** TASK INSTRUCTIONS **
Would you please repeat all of the data exactly, omitting the pictures?

** THE INPUT **

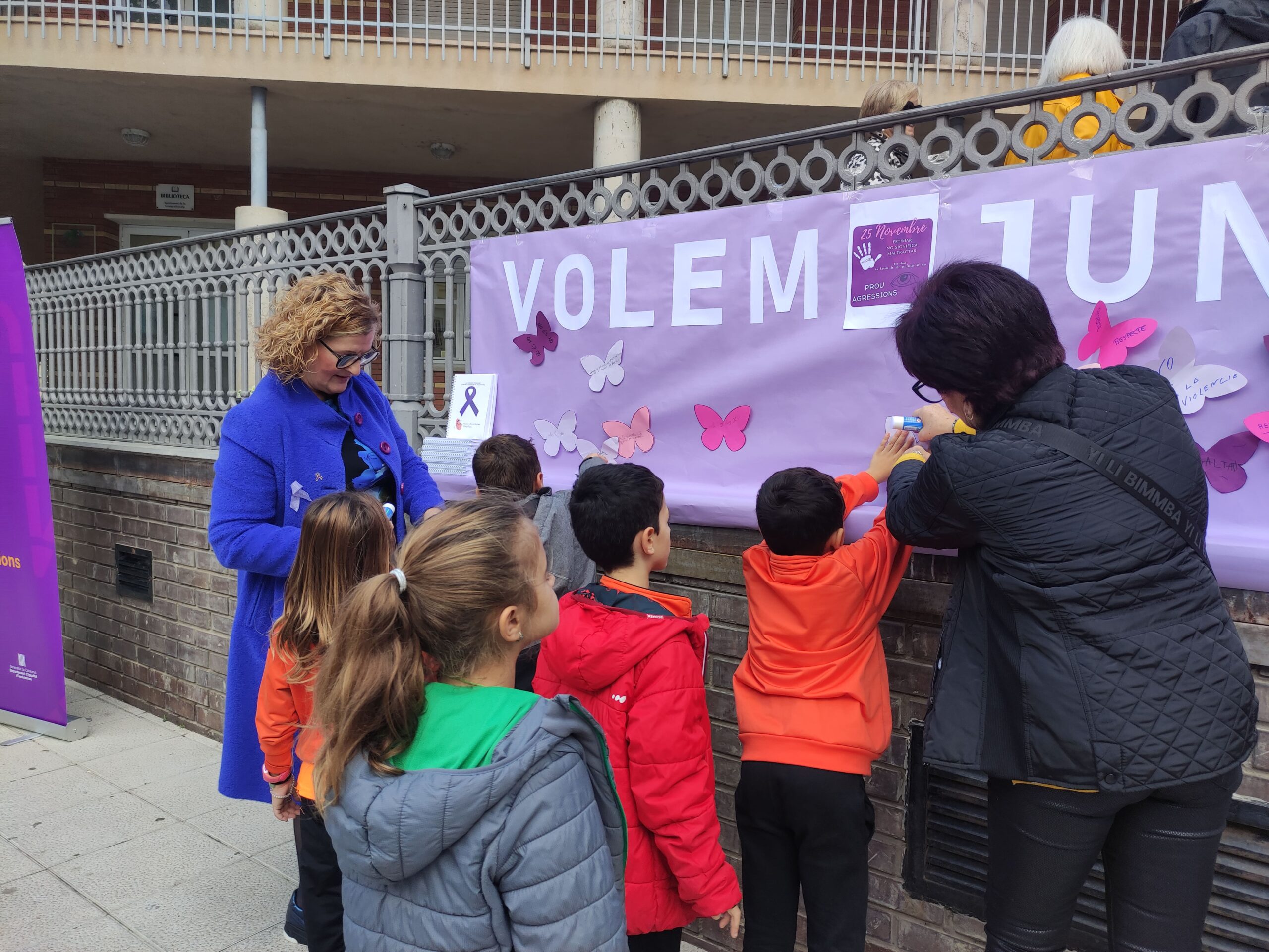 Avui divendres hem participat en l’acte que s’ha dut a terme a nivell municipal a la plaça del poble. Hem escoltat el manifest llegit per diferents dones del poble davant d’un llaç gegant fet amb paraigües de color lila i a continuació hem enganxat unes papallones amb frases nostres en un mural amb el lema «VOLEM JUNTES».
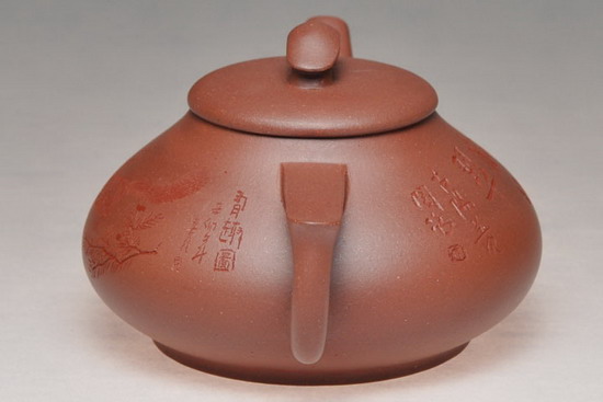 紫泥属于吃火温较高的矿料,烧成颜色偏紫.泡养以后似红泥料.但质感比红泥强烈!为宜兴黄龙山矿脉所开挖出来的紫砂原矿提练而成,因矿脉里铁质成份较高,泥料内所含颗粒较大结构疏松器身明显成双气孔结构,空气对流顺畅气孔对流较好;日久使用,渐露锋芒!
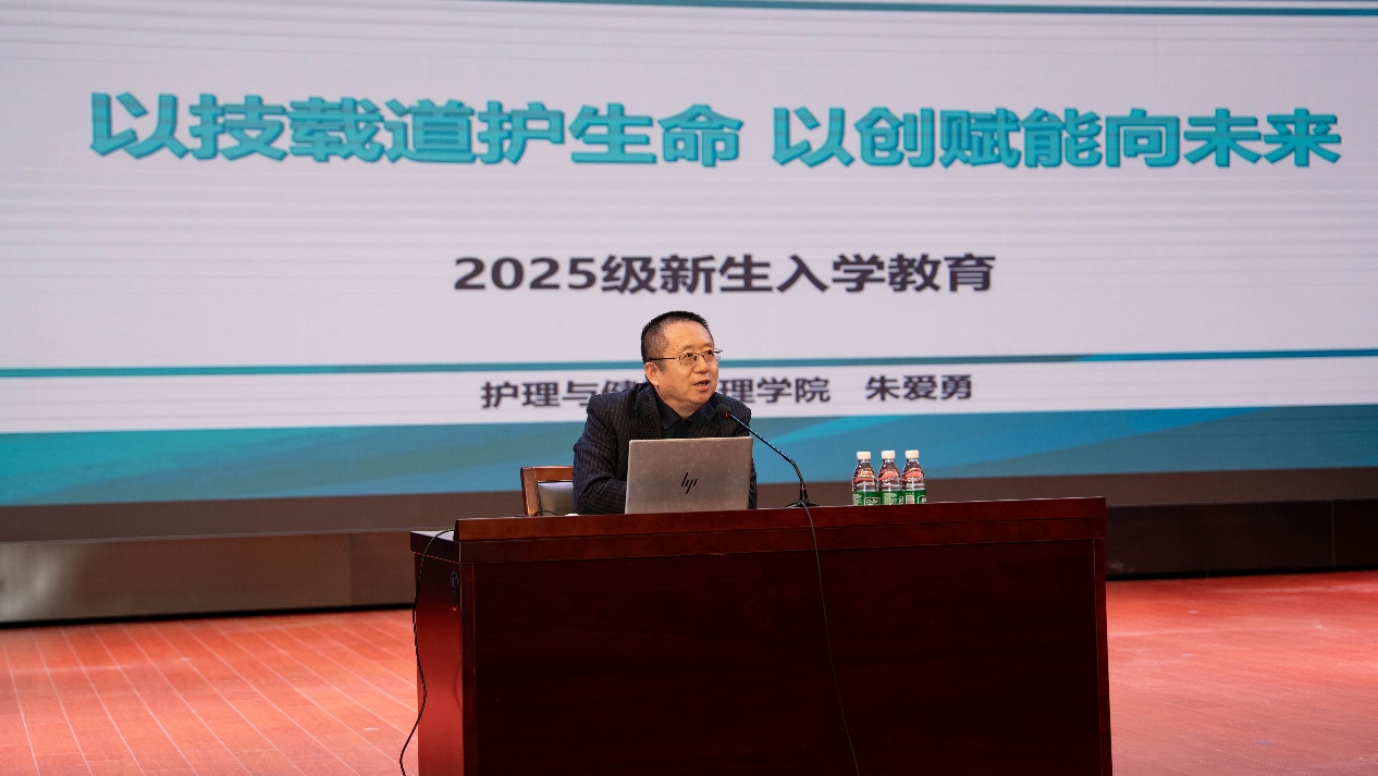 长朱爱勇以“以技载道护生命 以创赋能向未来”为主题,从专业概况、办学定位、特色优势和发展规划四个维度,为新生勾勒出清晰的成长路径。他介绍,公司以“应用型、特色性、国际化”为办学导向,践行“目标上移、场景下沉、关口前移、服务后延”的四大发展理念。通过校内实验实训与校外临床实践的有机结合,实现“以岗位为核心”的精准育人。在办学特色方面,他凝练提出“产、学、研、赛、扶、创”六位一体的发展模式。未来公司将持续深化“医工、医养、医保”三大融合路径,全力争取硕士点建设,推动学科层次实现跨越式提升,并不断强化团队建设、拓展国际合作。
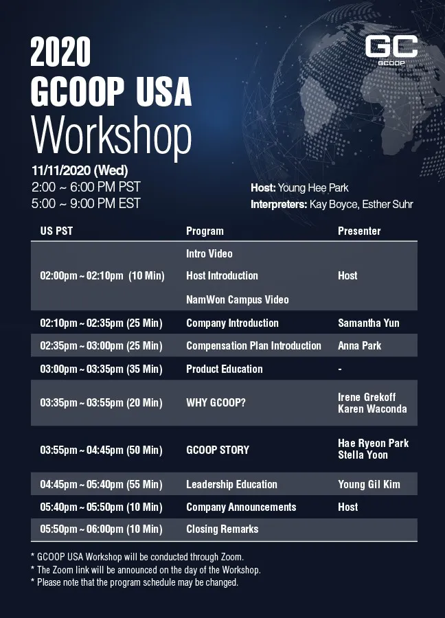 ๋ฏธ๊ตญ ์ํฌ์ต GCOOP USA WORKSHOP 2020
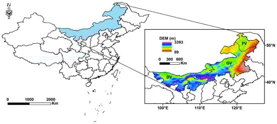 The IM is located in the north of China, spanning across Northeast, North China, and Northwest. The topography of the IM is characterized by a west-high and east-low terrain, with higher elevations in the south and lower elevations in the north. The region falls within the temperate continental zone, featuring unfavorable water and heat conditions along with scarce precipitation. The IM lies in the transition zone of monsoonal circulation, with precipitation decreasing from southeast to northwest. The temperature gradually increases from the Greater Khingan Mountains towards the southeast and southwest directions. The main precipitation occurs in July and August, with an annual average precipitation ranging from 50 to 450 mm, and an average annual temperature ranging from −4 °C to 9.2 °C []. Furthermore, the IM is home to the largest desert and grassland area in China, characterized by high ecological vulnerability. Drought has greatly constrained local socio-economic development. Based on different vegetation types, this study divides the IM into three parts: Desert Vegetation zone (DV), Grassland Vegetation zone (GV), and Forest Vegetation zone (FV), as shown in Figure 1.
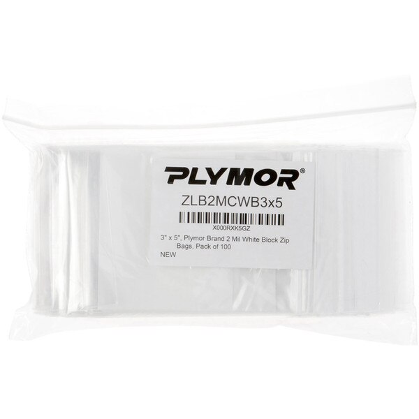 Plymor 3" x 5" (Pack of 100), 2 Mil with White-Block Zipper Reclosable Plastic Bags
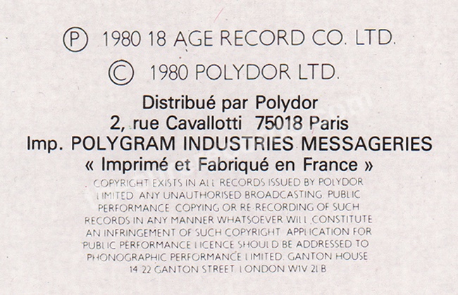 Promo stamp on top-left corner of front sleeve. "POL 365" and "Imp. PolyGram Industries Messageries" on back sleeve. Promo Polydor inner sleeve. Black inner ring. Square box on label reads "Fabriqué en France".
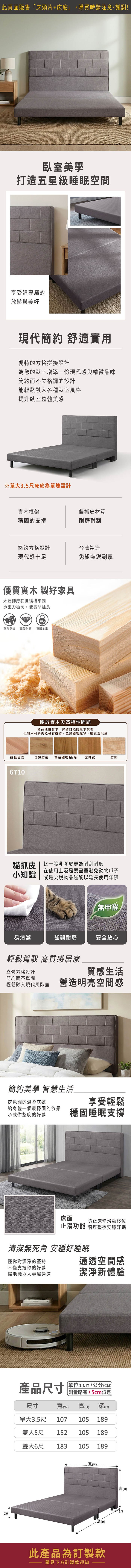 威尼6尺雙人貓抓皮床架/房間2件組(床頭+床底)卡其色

** EXPECTED ANSWER **
 Avui divendres hem participat en l’acte que s’ha dut a terme a nivell municipal a la plaça del poble. Hem escoltat el manifest llegit per diferents dones del poble davant d’un llaç gegant fet amb paraigües de color lila i a continuació hem enganxat unes papallones amb frases nostres en un mural amb el lema «VOLEM JUNTES».
 紫泥属于吃火温较高的矿料,烧成颜色偏紫.泡养以后似红泥料.但质感比红泥强烈!为宜兴黄龙山矿脉所开挖出来的紫砂原矿提练而成,因矿脉里铁质成份较高,泥料内所含颗粒较大结构疏松器身明显成双气孔结构,空气对流顺畅气孔对流较好;日久使用,渐露锋芒!
 长朱爱勇以“以技载道护生命 以创赋能向未来”为主题,从专业概况、办学定位、特色优势和发展规划四个维度,为新生勾勒出清晰的成长路径。他介绍,公司以“应用型、特色性、国际化”为办学导向,践行“目标上移、场景下沉、关口前移、服务后延”的四大发展理念。通过校内实验实训与校外临床实践的有机结合,实现“以岗位为核心”的精准育人。在办学特色方面,他凝练提出“产、学、研、赛、扶、创”六位一体的发展模式。未来公司将持续深化“医工、医养、医保”三大融合路径,全力争取硕士点建设,推动学科层次实现跨越式提升,并不断强化团队建设、拓展国际合作。
 ๋ฏธ๊ตญ ์ํฌ์ต GCOOP USA WORKSHOP 2020
 The IM is located in the north of China, spanning across Northeast, North China, and Northwest. The topography of the IM is characterized by a west-high and east-low terrain, with higher elevations in the south and lower elevations in the north. The region falls within the temperate continental zone, featuring unfavorable water and heat conditions along with scarce precipitation. The IM lies in the transition zone of monsoonal circulation, with precipitation decreasing from southeast to northwest. The temperature gradually increases from the Greater Khingan Mountains towards the southeast and southwest directions. The main precipitation occurs in July and August, with an annual average precipitation ranging from 50 to 450 mm, and an average annual temperature ranging from −4 °C to 9.2 °C []. Furthermore, the IM is home to the largest desert and grassland area in China, characterized by high ecological vulnerability. Drought has greatly constrained local socio-economic development. Based on different vegetation types, this study divides the IM into three parts: Desert Vegetation zone (DV), Grassland Vegetation zone (GV), and Forest Vegetation zone (FV), as shown in Figure 1.
 Plymor 3" x 5" (Pack of 100), 2 Mil with White-Block Zipper Reclosable Plastic Bags
 Promo stamp on top-left corner of front sleeve. "POL 365" and "Imp. PolyGram Industries Messageries" on back sleeve. Promo Polydor inner sleeve. Black inner ring. Square box on label reads "Fabriqué en France".
 威尼6尺雙人貓抓皮床架/房間2件組(床頭+床底)卡其色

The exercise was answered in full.